# .223 wssm



## greengoblin (Dec 18, 2010)

Well, just wondering what you guys know about it... Myself, not much, but decided to get it, just because it sounded good. Let me know.


----------



## atvguns (Dec 18, 2010)

I like the 220 swift better


----------



## deeker (Dec 18, 2010)

atvguns said:


> I like the 220 swift better



Amen.

Never shot any of Winchester's SSM's and wondered if the round will "stove pipe" from time to time. As in go straight up instead of into the chamber.

Sales are not too good for the SSM's either.

Kevin


----------



## greengoblin (Dec 18, 2010)

no, no, no.....I think you missed the point. When I said, I dont know anything about the .223 WSSM, I meant it. The dealer said it is/was kinda short lived round and prolly wont be many more made. He said it should hold it value very well because of this. Not really a shooter, more of a collector, although I do enjoy shooting. Basically what is the difference between a 220 swift and .223 WSSM


----------



## atvguns (Dec 18, 2010)

I think the only draw back to the wssm v/s 220 swift is the short fat case limits magazine capacity I am not sure what the velocity of the wssm is but both rounds are considered barrel burners and both are hard to get ammo for I hand load so it isnt a problem for me I dont have any experiance with the wssm just what I have read.


----------



## greengoblin (Dec 18, 2010)

atvguns said:


> I think the only draw back to the wssm v/s 220 swift is the short fat case limits magazine capacity I am not sure what the velocity of the wssm is but both rounds are considered barrel burners and both are hard to get ammo for I hand load so it isnt a problem for me I dont have any experiance with the wssm just what I have read.



Ok, thanks, ballisticaly the .223 WSSM looks pretty good to me. I guess for a model 70 not quite NIB and a leapold scope that is decent for $500 was just to tempting for me to pass up, I am such an impulse buyer.


----------



## atvguns (Dec 18, 2010)

greengoblin said:


> Ok, thanks, ballisticaly the .223 WSSM looks pretty good to me. I guess for a model 70 not quite NIB and a leapold scope that is decent for $500 was just to tempting for me to pass up, I am such an impulse buyer.


 sounds like you did pretty good on the purchase what twist rate is the barrell


----------



## swift4me (Dec 18, 2010)

I my store I sold a fair number of the WSM's and a few WSSM's in .243 and .223. Handloaders quite often had great results with all of the short mags, but it was case by case.

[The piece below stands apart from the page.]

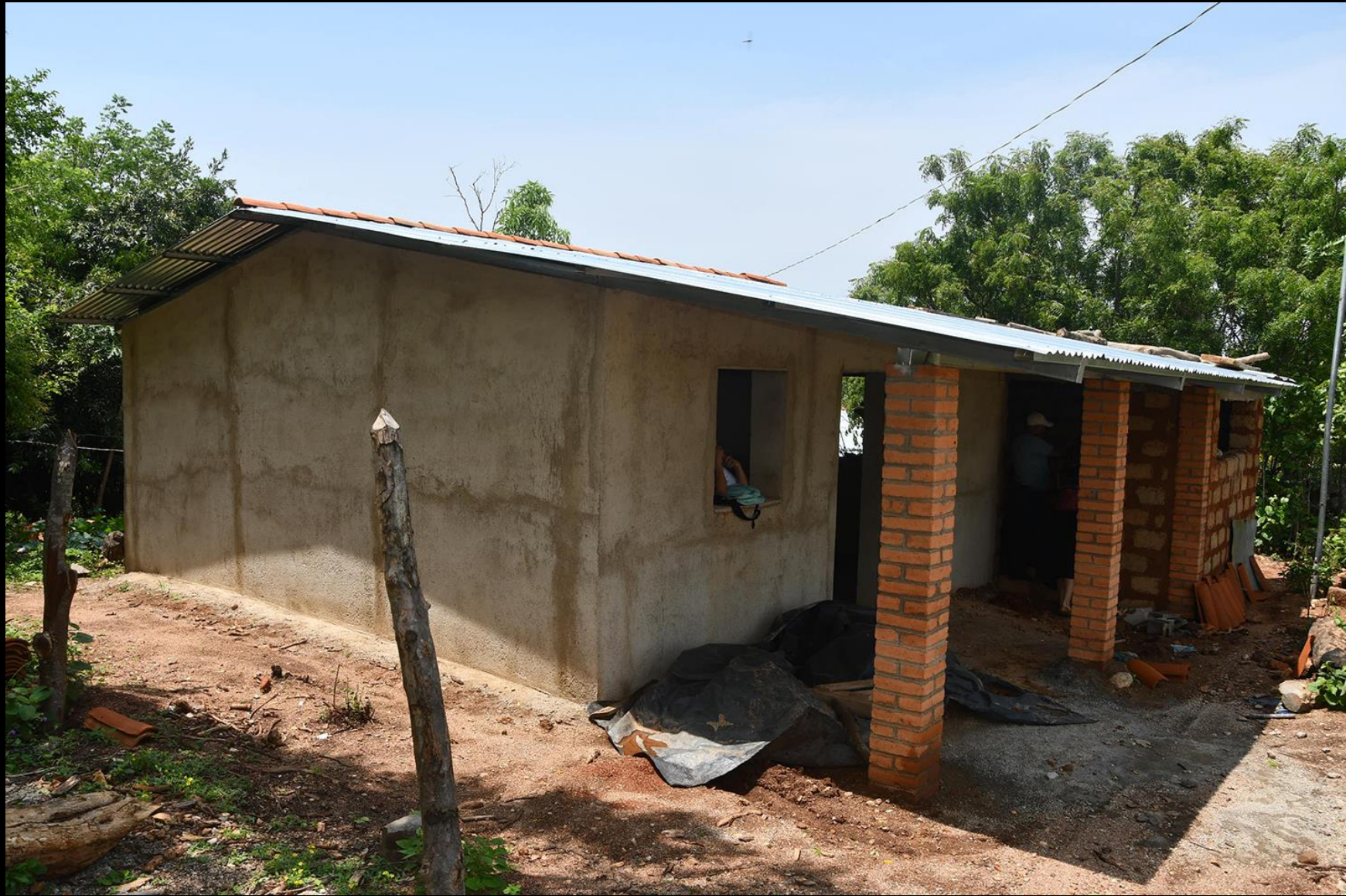
Fase de construcción vivienda 1

I did see an occasional chambering issue with the 300 WSM Remington 700's, but I think these issues were worked out in the new Model 70's. 

I too shot the Swift for years and love it, but here in France I cannot find ammo for it, unless I special order, and we don't have coyotes.

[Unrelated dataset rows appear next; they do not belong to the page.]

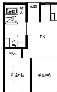
米山2DK車いす対応住宅間取り図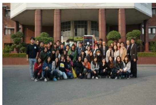
※嘉義大學師生全體合照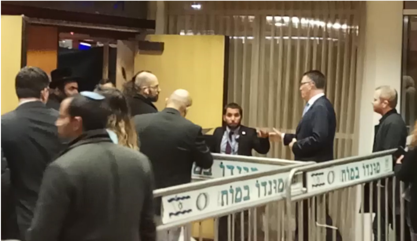
סער נכנס לאירוע הליכוד

אנחת רווחה בבית דין: שופטי בג"צ טרם הכריעו אך מדברי השופטים במהלך הדיון, נטו השופטים בדעתם שאין מקום להתערבות משפטית בסוגיית נתניהו צלח את 2 המשוכות הראשונות בדרך לבחירות: החלטת בג"צ וקודם לכן, הניצחון בפריימריז על גבעון סער בפער עצום • ובימין הדתי: שבוע וחצי אחרי התרגיל הפוליטי שעשו לו רפי פרץ ואיתמר בן גביר, השר בצלאל סמוטריץ' שבר שתיקה

For the price though, I'd say you did fine, especially is the Leupold is a VX-II or VX-III.

Go shoot it.

Pete


----------



## greengoblin (Dec 18, 2010)

atvguns said:


> sounds like you did pretty good on the purchase what twist rate is the barrell




I believe 9 to 1 but dont quote me on that


----------



## atvguns (Dec 18, 2010)

greengoblin said:


> I believe 9 to 1 but dont quote me on that


 I built my swift with a 1in 10 so I could shoot the heivier bullets kinda wish I had used 1 in 12 seems like the accuracy with the 50 and 55 grain bullets suffers a little shoots 60 and up pretty good


----------



## greengoblin (Dec 18, 2010)

swift4me said:


> I my store I sold a fair number of the WSM's and a few WSSM's in .243 and .223. Handloaders quite often had great results with all of the short mags, but it was case by case. I did see an occasional chambering issue with the 300 WSM Remington 700's, but I think these issues were worked out in the new Model 70's.
> 
> I too shot the Swift for years and love it, but here in France I cannot find ammo for it, unless I special order, and we don't have coyotes.
> 
> ...




Is that where the name comes from?


----------



## greengoblin (Dec 18, 2010)

atvguns said:


> I built my swift with a 1in 10 so I could shoot the heivier bullets kinda wish I had used 1 in 12 seems like the accuracy with the 50 and 55 grain bullets suffers a little shoots 60 and up pretty good




Yes, like I said, I dont know much about guns but it is sure fun collecting them. From what I under stand, the right the twist, the higher the accuracy but the lower muzzle velocity and you can use heavier loads right. Guns to me seem like a great investment right now and having bought as many as I have (surely not as many as some of you have) I should probably know more aobut them. Oh well, it can be a tax write off in some of our worlds. LOL


----------



## Swamp Yankee (Dec 18, 2010)

greengoblin said:


> no, no, no.....I think you missed the point. When I said, I dont know anything about the .223 WSSM, I meant it. The dealer said it is/was kinda short lived round and prolly wont be many more made. He said it should hold it value very well because of this. Not really a shooter, more of a collector, although I do enjoy shooting. Basically what is the difference between a 220 swift and .223 WSSM



That's the answer in a nutshell

Like most WSSM offerings it's not around and being discontinued because *no one wanted or bought it*. They don't make what they can't sell. There are far to many tried and true alternatives. CDNN has been trying to unload the Winchester SSM series rifles for a couple years. Because the case is so large in diameter, for such a small bullet, rechambering is probably not a possibility.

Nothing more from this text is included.